Port Byron dropouts skyrocket

By The Citizen

Tuesday, February 14, 2006 12:51 PM EST

Port Byron's dropout rate has more than doubled in the last year, easily outpacing every school in Cayuga County in a report released Monday by the state Education Department. See how your school performed.
According to the study, 27.2 percent of Port Byron students who entered the ninth grade in 2001 did not graduate in four years. That is significantly up from the district's 12.1 percent the year before.

Auburn's dropout rate of 18.9 percent was second in the county, but down from its 21.2 percent last year.

Port Byron Central School Superintendent Neil O'Brien said that while the numbers released by the state aren't entirely accurate, a reported 27.2 percent drop out rate “raises our level of concern.”

O'Brien said the guidance staff and principal at Port Byron Central School have been going back to “try to put names with numbers” in an attempt to learn why particular students weren't successful.

“We're trying to get as much meaning out of the data as we can,” he said.

O'Brien pointed out that some Port Byron students included in the state's study were 17 years old when they entered ninth grade and that students that age rarely graduate.

He also said mobility plays a big factor and that many students “were not our students their entire careers.” A mix-up with numbers supplied by Port Byron, O'Brien said, led to the state labeling as a dropout a student who transferred out of the district and “became valedictorian in a Syracuse-area school district.”

Auburn Enlarged City School District board member Kent Brandstetter said dropout rates reflect students having trouble meeting tougher requirements for graduation.

“As the standards and expectations for students increase, it's an inevitable tragedy that we're going to lose some students in the process.

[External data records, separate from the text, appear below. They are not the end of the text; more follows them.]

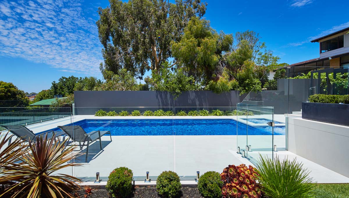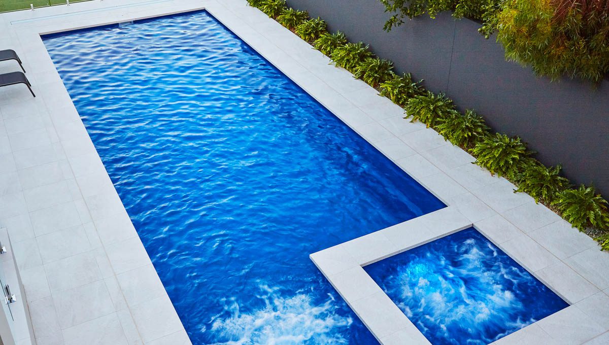 View our gallery of our 12.2m x 4.4m Manhattan in our Ocean Shimmer colour. This fibreglass pool was installed at Mount Pleasant.
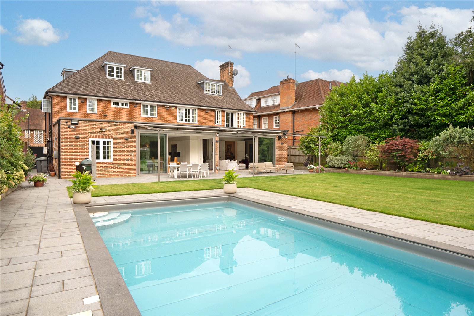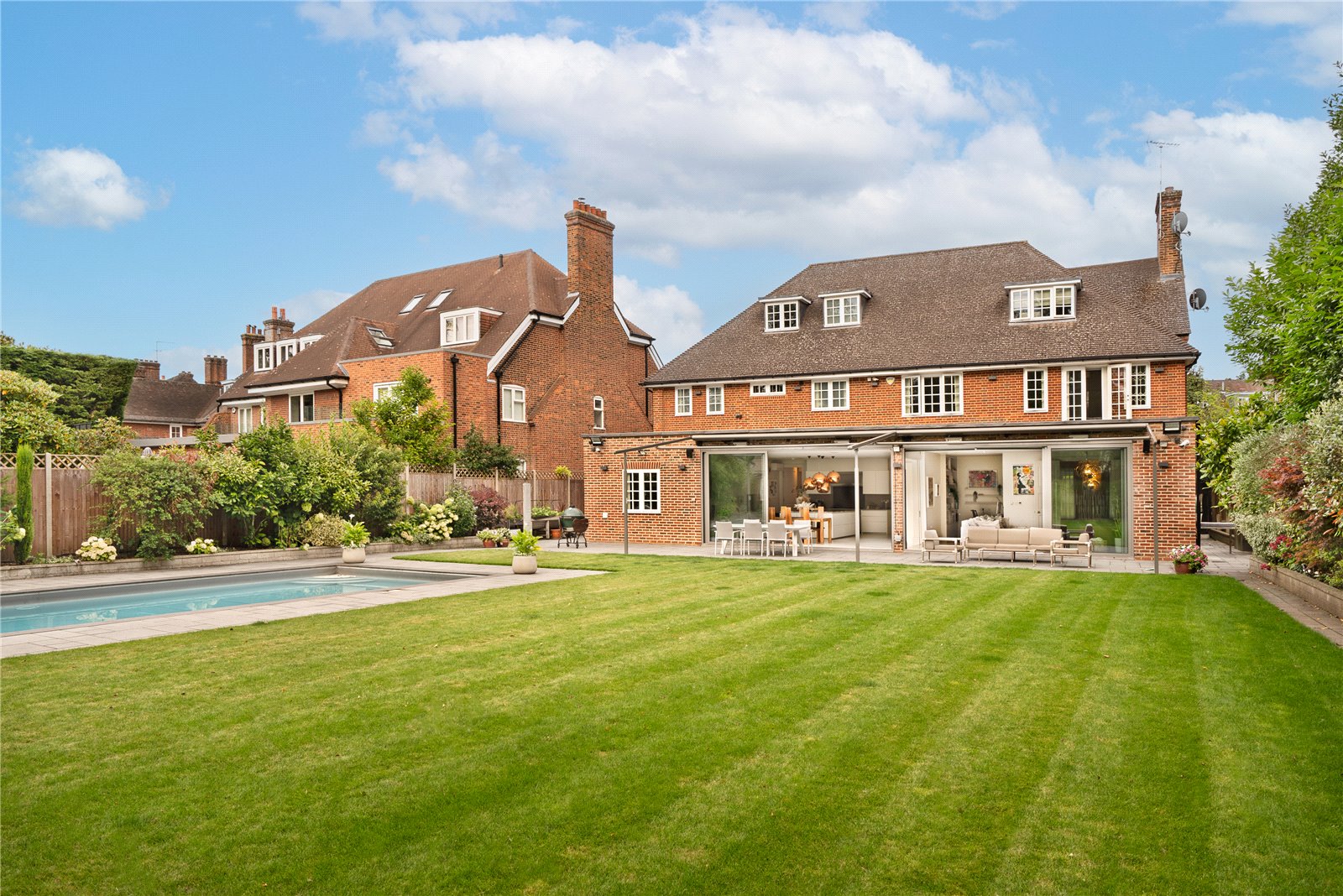 The house is fully detached and has an incredible West facing private garden. There is an outbuilding at the bottom of the garden currently used as a gym and office. Plus a fantastic outdoor heated swimming pool.
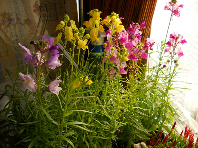 昨夜からの雨は朝方にはやんで空が明るくなって参りました。・°・。しばらく振りのまとまった雨のお陰で、適度な湿度になりました。・°・。* 階段の踊場の窓辺は寒さに弱い植物たちの冬越し場となっておりますが、今年は新たにリナリア・グッピーという仲間が加わりました。・°・。姫金魚草とも言うそうですが、その名にふさわしいかわいいお花がにぎやかに咲き続けております。・°・。*明るい窓辺がさらに華やいだ雰囲気になっております。・°・。* 帯留め作品の「梅とメジロ」の制作を再開しました。・°・。梅の咲く頃には間に合わせられるとよいのですが。。* 午後になって少し熱っぽくなってきましたので、大事をとって早目にイチゴ作戦を取り入れて用心いたしました。・°・。☆

We shouldn't be losing any students, though I as a board member want all of the kids to graduate, and don't want to see any kids lost in the system.”

Statewide, better than three in 10 students in recent classes failed to graduate from high school in four years.

“These are tough numbers,” said state Education Commissioner Richard Mills. “It is unacceptable.”

The state is focusing on 127 high schools in which the graduation rate is lowest - around 40 percent.

Innovative as well as time-tested strategies are being used and will be replicated as needed to other schools, he said.

These classes that began high school in 2000 and 2001, however, are among the last groups to have begun school before

the state raised academic

standards to improve instruction beginning in phases in the late 1990s.

These groups were less prepared in their early years in primary school and entered high school less prepared for that

work than subsequent classes, he said.

Standardized test results bear that out, showing steady if slow improvements in math and English in primary and secondary schools and improvement in Regents exam scores in core subjects as well as history and other subjects.

For example, students who didn't drop out and took the Regents exams usually passed and more students are reaching higher standards and earning more Regents diplomas,

which require more and more difficult classes to be passed than a decade ago when they started school.

“They are both very challenging numbers and some very hopeful numbers,” Mills said. “These are the very children that led the Regents to approve very rigorous standards.”

“This problem is something that should focus the attention of everyone in this state,” said state schools chancellor Robert Bennett. “We must and will take additional decisive actions to solve it.”

The state Education Department figures released Monday include:

- 71 percent of students who entered high school in 2000 graduated in five years.

- 64 percent of students who entered high school in 2001 graduated in four years.

- A “major achievement gap” is evident because fewer black and Hispanic students graduated than white students.

- Suburban or low-needs schools graduated 90 percent or more on time, while some

urban districts graduated 40 percent.